_What is expected_
Everything from the line with "小孩玩兵乓球和单脚站立" to the line with "У этой крупной" in the listing below, both lines included, needs to be copied exactly, apart from the pictures.

_Records to process_

*** Begin section ***

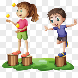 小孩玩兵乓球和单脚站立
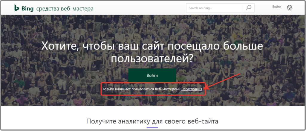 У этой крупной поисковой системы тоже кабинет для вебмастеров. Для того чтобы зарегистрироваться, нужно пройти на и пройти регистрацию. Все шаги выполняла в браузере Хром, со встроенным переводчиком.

*** End section ***
*** Begin section ***

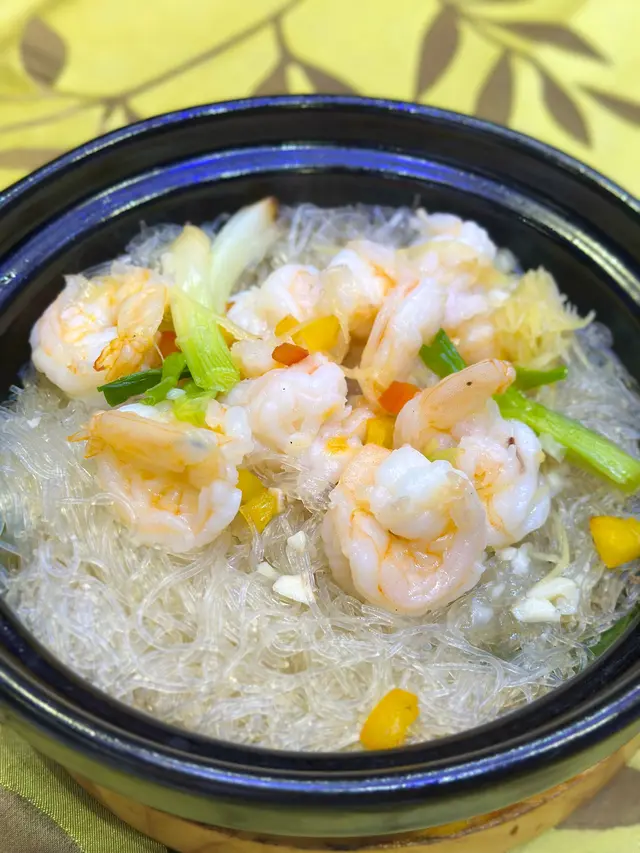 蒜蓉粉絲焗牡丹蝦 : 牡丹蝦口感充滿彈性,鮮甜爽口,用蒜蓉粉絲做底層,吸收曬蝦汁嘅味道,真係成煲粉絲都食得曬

*** End section ***

_Solved problem_
 小孩玩兵乓球和单脚站立
 У этой крупной поисковой системы тоже кабинет для вебмастеров. Для того чтобы зарегистрироваться, нужно пройти на и пройти регистрацию. Все шаги выполняла в браузере Хром, со встроенным переводчиком.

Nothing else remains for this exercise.